THE PROBLEM → The finished copy should hold every entry exactly as given, and no pictures.

== Segment start ==

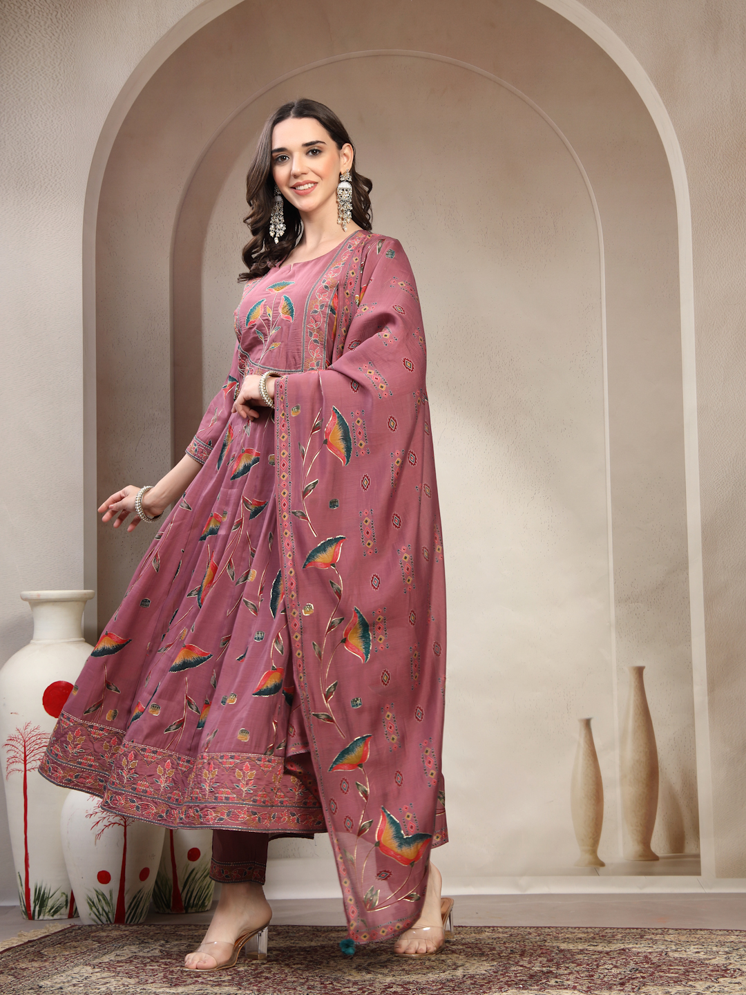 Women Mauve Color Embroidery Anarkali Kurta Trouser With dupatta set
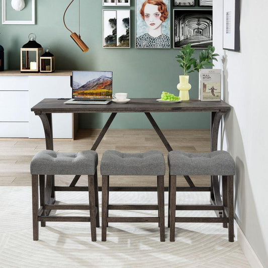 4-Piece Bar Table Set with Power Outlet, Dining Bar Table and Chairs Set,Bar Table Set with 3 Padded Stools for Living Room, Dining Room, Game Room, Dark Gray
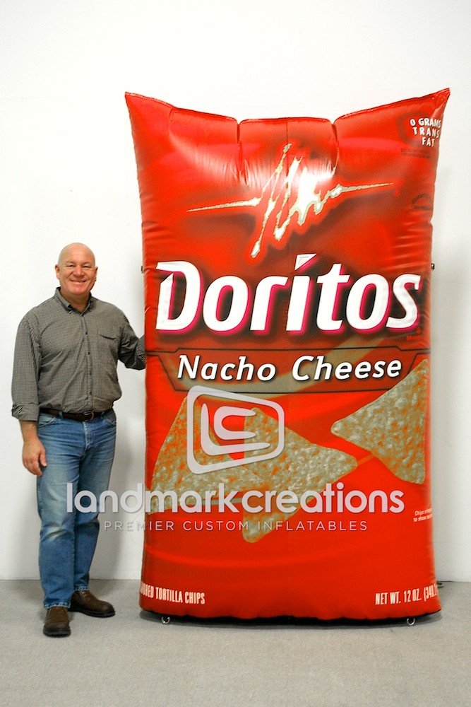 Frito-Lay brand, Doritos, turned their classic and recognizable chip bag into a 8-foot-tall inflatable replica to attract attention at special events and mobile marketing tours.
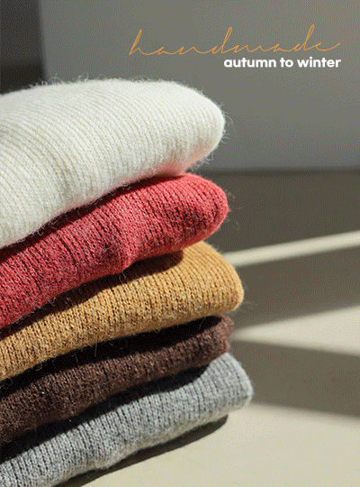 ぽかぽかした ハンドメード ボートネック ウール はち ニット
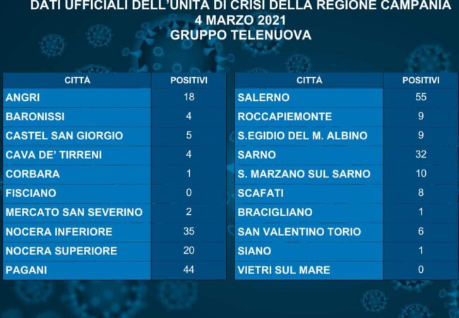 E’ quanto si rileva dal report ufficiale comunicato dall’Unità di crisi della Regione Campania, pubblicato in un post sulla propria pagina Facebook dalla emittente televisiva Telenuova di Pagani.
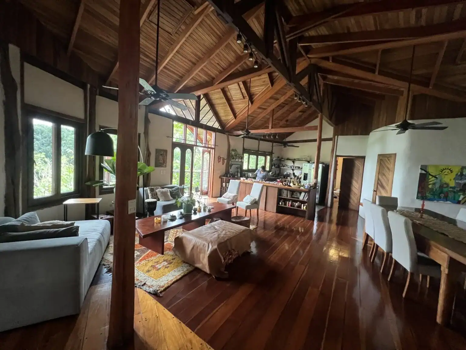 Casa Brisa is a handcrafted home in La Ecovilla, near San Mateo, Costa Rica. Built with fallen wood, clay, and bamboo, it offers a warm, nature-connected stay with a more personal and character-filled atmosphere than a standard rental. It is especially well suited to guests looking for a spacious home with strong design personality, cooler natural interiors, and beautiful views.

== Segment end ==

RESPONSE TO THIS EXERCISE →
 Women Mauve Color Embroidery Anarkali Kurta Trouser With dupatta set
 4-Piece Bar Table Set with Power Outlet, Dining Bar Table and Chairs Set,Bar Table Set with 3 Padded Stools for Living Room, Dining Room, Game Room, Dark Gray
 Frito-Lay brand, Doritos, turned their classic and recognizable chip bag into a 8-foot-tall inflatable replica to attract attention at special events and mobile marketing tours.
 ぽかぽかした ハンドメード ボートネック ウール はち ニット
 E’ quanto si rileva dal report ufficiale comunicato dall’Unità di crisi della Regione Campania, pubblicato in un post sulla propria pagina Facebook dalla emittente televisiva Telenuova di Pagani.
 Casa Brisa is a handcrafted home in La Ecovilla, near San Mateo, Costa Rica. Built with fallen wood, clay, and bamboo, it offers a warm, nature-connected stay with a more personal and character-filled atmosphere than a standard rental. It is especially well suited to guests looking for a spacious home with strong design personality, cooler natural interiors, and beautiful views.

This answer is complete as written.